An integrated Asian human SNV and indel benchmark established using multiple sequencing methods

Sequencing technologies have been rapidly developed recently, leading to the breakthrough of sequencing-based clinical diagnosis, but accurate and complete genome variation benchmark would be required for further assessment of precision medicine applications. Despite the human cell line of NA12878 has been successfully developed to be a variation benchmark, population-specific variation benchmark is still lacking. Here, we established an Asian human variation benchmark by constructing and sequencing a stabilized cell line of a Chinese Han volunteer. By using seven different sequencing strategies, we obtained ~3.88 Tb clean data from different laboratories, hoping to reach the point of high sequencing depth and accurate variation detection. Through the combination of variations identified from different sequencing strategies and different analysis pipelines, we identified 3.35 million SNVs and 348.65 thousand indels, which were well supported by our sequencing data and passed our strict quality control, thus should be high confidence variation benchmark. Besides, we also detected 5,913 high-quality SNVs which had 969 sites were novel and  located in the high homologous regions supported by long-range information in both the co-barcoding single tube Long Fragment Read (stLFR) data and PacBio HiFi CCS data. Furthermore, by using the long reads data (stLFR and HiFi CCS), we were able to phase more than 99% heterozygous SNVs, which helps to improve the benchmark to be haplotype level. Our study provided comprehensive sequencing data as well as the integrated variation benchmark of an Asian derived cell line, which would be valuable for future sequencing-based clinical development.
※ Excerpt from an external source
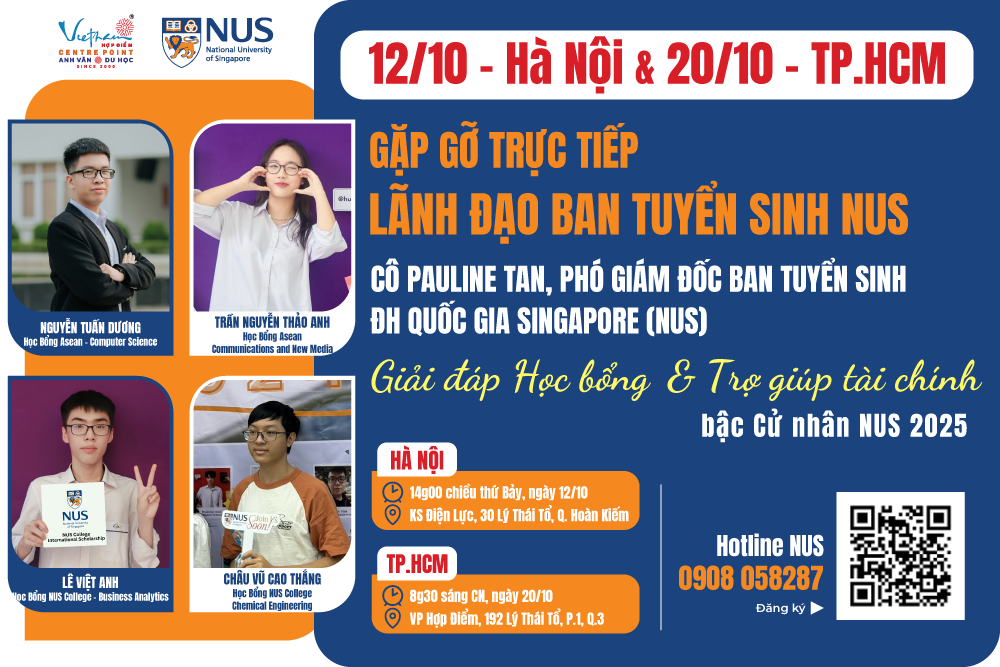 Cô Pauline Tan – Phó Giám đốc Ban tuyển sinh ĐH Quốc gia Singapore (NUS) và ông Trần Hữu Phúc Tiến – Trưởng đại diện tuyển sinh NUS sẽ trực tiếp thông tin học bổng & trợ giúp tài chính bậc cử nhân NUS 2025.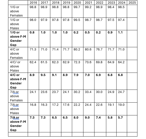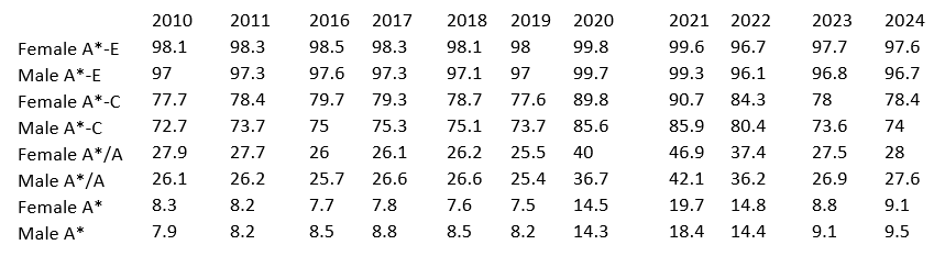 - There were significant problems around examinations in 2020, 2021 and 2022. Grades improved significantly when examinations were cancelled in 2020 and 2021 but have returned to their pre-pandemic levels by 2024

[1]  Hui Jiang,et al.  A reference human genome dataset of the BGISEQ-500 sequencer , 2017, GigaScience.

[2]  J. Zook,et al.  Integrating human sequence data sets provides a resource of benchmark SNP and indel genotype calls , 2013, Nature Biotechnology.
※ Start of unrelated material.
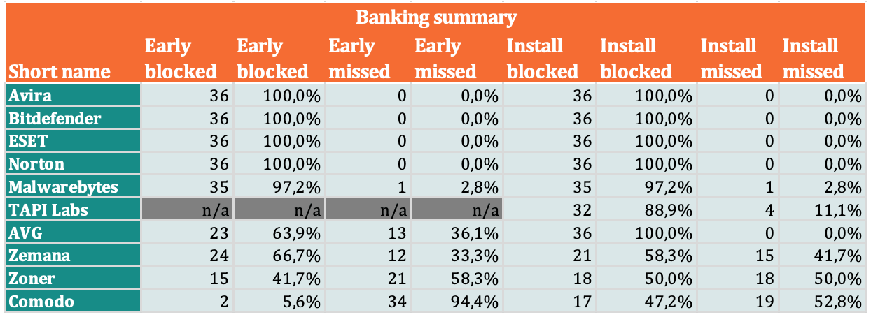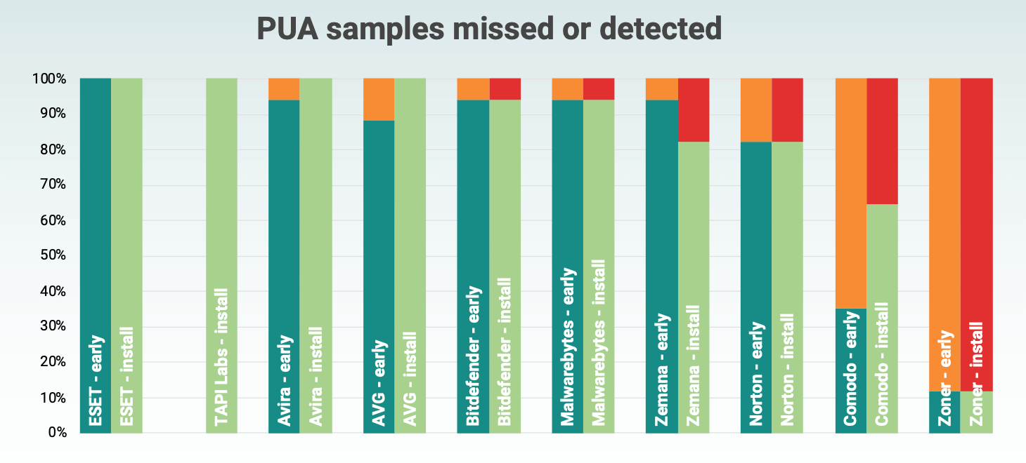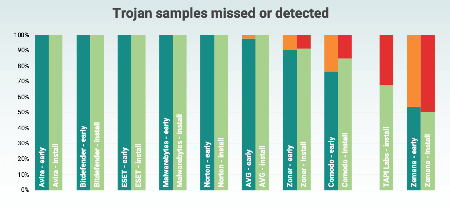 2 Значение задержки (timeout threshold) является критическим аспектом тестирования. Если значение будет слишком низким, результаты теста не будут отражать фактические результаты, так как антивирус не сможет завершить обнаружение. Лаборатория стремится добиться реалистичного значения, поскольку маловероятно, что пользователь ожидает несколько минут после установки, прежде запустить новое приложение, поэтому «слишком позднее» обнаружение или обнаружение без четкого уведомления считается пропуском.

[3]  D R Bentley,et al.  The DNA sequence and comparative analysis of human chromosome 20 , 2004, Nature.

[4]  Deanna M. Church,et al.  ClinVar: public archive of relationships among sequence variation and human phenotype , 2013, Nucleic Acids Res..

[5]  A. Yoder,et al.  The utility of PacBio circular consensus sequencing for characterizing complex gene families in non-model organisms , 2014, BMC Genomics.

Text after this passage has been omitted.